The spiral's jam-free guarantee is genuinely an artifact of placement order: spiral cells are placed with at most 4 already-placed neighbours, and that geometry always leaves a safe rotation available. Random order eventually exposes the fully-enclosed configuration, but so rarely that the final density is essentially 1.

In contrast to the loop-erasing process (which actively removes tiles to maintain progress), rejection growth simply skips problematic cells.
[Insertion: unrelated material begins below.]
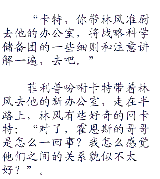 卡特对着林风微笑道:“林风准尉,来,我要给你介绍一个人,战略科学储备团的负责人菲利普上校,哦,抱歉,您的队员要先留在这里。”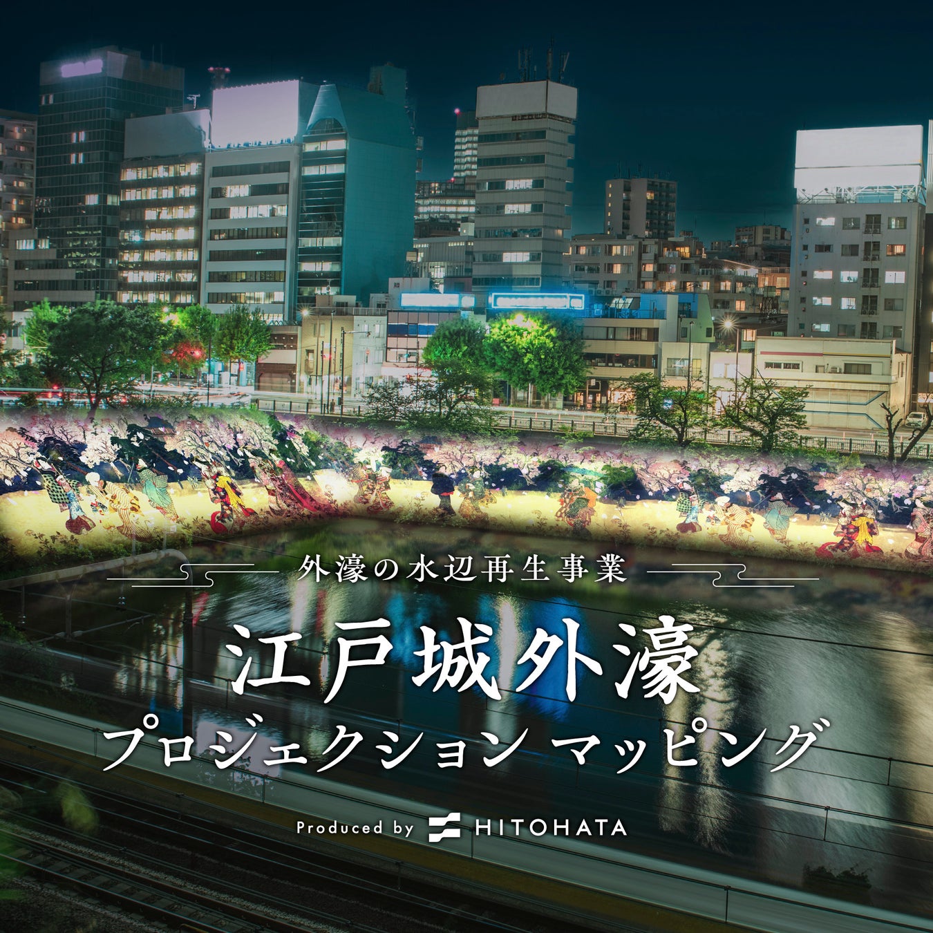 この催しは、東京都の「外濠の水辺再生事業」の理解促進活動の一環として実施される実証実験で、国指定史跡江戸城外堀跡・牛込濠の法面約100mにわたって、歌川広重の「名所江戸百景」に描かれた江戸の水辺の風景をはじめ、花見や祭りで賑わう江戸のまちなどの浮世絵をモチーフにしたデジタルアニメーションのほか、水辺の再生によってよみがえる外濠をイメージした錦鯉や花々などデジタルアートによるプロジェクションマッピング映像を投影します。

The two processes represent opposite strategies: one destructive and scale-free, the other conservative and nearly complete.

Four processes, one loop gas

All four questions ultimately reduce to properties of the underlying loop gas: the marginal exponent α ≈ 2.09 explains the glacial convergence of the loop-tile fraction; the short-range gap distribution explains why that exponent sits at its marginal value; the loop-size distribution is inherited by the avalanche spectrum (τ ≈ 1.97 ≈ α); and the geometry of spiral ordering explains why rejection growth never jams there but does in random order.

The loop-erasing process produces driven, scale-free avalanches (an SOC-like phenomenon) but with inherited rather than self-tuned criticality. The frontier advances forever at an exponentially decelerating rate — a subtler form of persistence than simple growth, and one that was initially misread as saturation.